§ **GOAL OF THE EXERCISE**:
Reproduce all the lines below exactly and omit the images.

[Stored records]
******************************
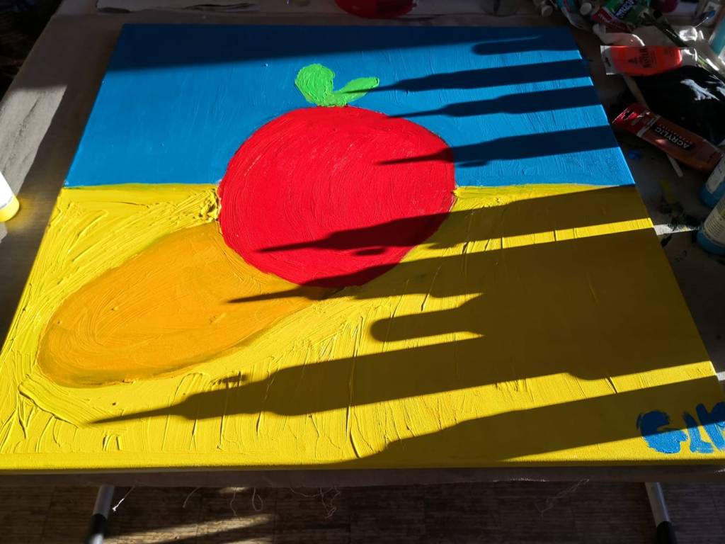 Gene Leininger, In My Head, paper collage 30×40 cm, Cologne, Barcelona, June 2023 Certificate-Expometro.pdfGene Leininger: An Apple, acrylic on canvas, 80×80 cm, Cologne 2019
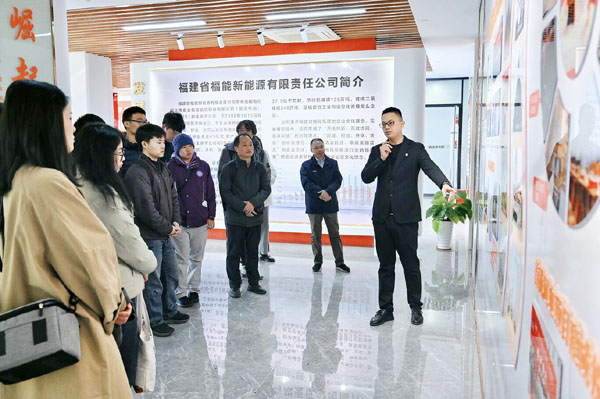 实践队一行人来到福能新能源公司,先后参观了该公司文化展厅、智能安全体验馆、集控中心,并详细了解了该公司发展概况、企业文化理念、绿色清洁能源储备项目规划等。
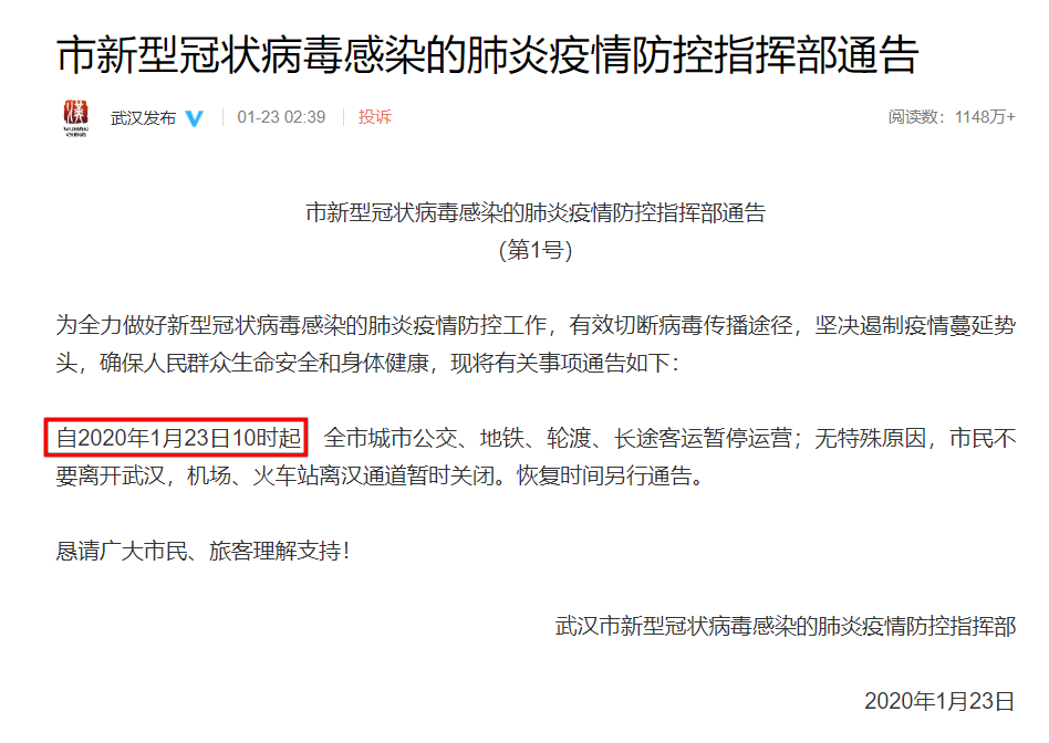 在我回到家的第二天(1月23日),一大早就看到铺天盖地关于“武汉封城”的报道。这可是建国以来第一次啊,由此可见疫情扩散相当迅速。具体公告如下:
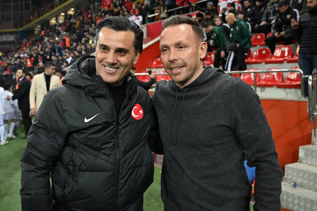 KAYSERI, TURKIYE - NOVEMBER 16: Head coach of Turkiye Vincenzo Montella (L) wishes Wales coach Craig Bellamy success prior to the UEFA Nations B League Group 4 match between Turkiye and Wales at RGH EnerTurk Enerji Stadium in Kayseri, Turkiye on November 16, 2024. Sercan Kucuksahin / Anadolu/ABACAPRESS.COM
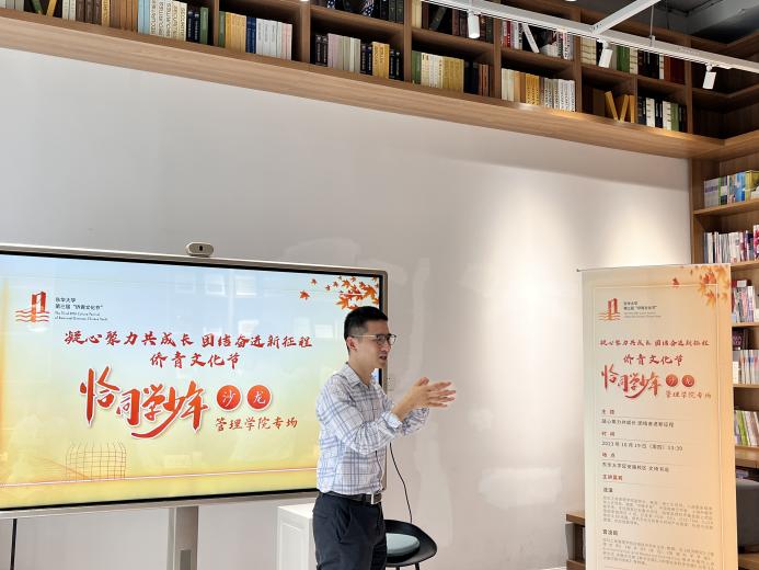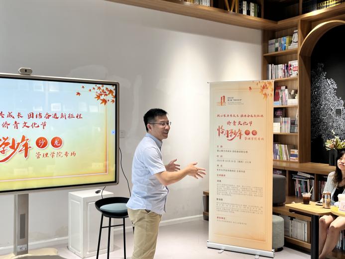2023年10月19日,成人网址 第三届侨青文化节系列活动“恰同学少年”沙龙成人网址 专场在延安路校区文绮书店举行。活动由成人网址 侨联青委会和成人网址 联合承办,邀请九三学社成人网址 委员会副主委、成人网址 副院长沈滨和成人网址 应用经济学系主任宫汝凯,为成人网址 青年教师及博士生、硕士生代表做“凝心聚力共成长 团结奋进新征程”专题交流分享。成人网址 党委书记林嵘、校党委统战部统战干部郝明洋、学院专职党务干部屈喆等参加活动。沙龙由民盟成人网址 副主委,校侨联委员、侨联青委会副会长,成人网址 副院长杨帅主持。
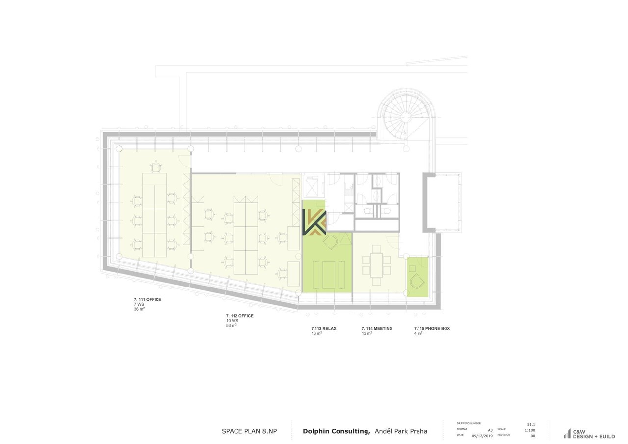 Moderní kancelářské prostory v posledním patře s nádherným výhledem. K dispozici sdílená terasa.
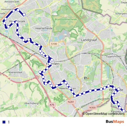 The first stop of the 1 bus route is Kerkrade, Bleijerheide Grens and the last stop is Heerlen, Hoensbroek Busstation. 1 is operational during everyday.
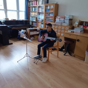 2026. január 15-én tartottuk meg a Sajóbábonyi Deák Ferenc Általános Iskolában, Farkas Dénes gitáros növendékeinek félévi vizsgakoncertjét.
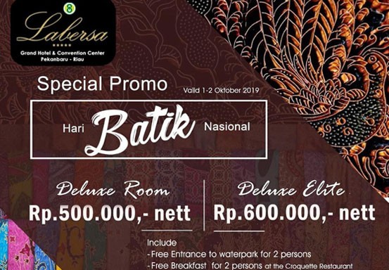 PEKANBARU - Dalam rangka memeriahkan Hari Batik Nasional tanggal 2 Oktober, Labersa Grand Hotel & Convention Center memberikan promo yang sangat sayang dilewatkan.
******************************
§ **OUTPUT BELOW**:
 Gene Leininger, In My Head, paper collage 30×40 cm, Cologne, Barcelona, June 2023 Certificate-Expometro.pdfGene Leininger: An Apple, acrylic on canvas, 80×80 cm, Cologne 2019
 实践队一行人来到福能新能源公司,先后参观了该公司文化展厅、智能安全体验馆、集控中心,并详细了解了该公司发展概况、企业文化理念、绿色清洁能源储备项目规划等。
 在我回到家的第二天(1月23日),一大早就看到铺天盖地关于“武汉封城”的报道。这可是建国以来第一次啊,由此可见疫情扩散相当迅速。具体公告如下:
 KAYSERI, TURKIYE - NOVEMBER 16: Head coach of Turkiye Vincenzo Montella (L) wishes Wales coach Craig Bellamy success prior to the UEFA Nations B League Group 4 match between Turkiye and Wales at RGH EnerTurk Enerji Stadium in Kayseri, Turkiye on November 16, 2024. Sercan Kucuksahin / Anadolu/ABACAPRESS.COM
2023年10月19日,成人网址 第三届侨青文化节系列活动“恰同学少年”沙龙成人网址 专场在延安路校区文绮书店举行。活动由成人网址 侨联青委会和成人网址 联合承办,邀请九三学社成人网址 委员会副主委、成人网址 副院长沈滨和成人网址 应用经济学系主任宫汝凯,为成人网址 青年教师及博士生、硕士生代表做“凝心聚力共成长 团结奋进新征程”专题交流分享。成人网址 党委书记林嵘、校党委统战部统战干部郝明洋、学院专职党务干部屈喆等参加活动。沙龙由民盟成人网址 副主委,校侨联委员、侨联青委会副会长,成人网址 副院长杨帅主持。
 Moderní kancelářské prostory v posledním patře s nádherným výhledem. K dispozici sdílená terasa.
 The first stop of the 1 bus route is Kerkrade, Bleijerheide Grens and the last stop is Heerlen, Hoensbroek Busstation. 1 is operational during everyday.
 2026. január 15-én tartottuk meg a Sajóbábonyi Deák Ferenc Általános Iskolában, Farkas Dénes gitáros növendékeinek félévi vizsgakoncertjét.
 PEKANBARU - Dalam rangka memeriahkan Hari Batik Nasional tanggal 2 Oktober, Labersa Grand Hotel & Convention Center memberikan promo yang sangat sayang dilewatkan.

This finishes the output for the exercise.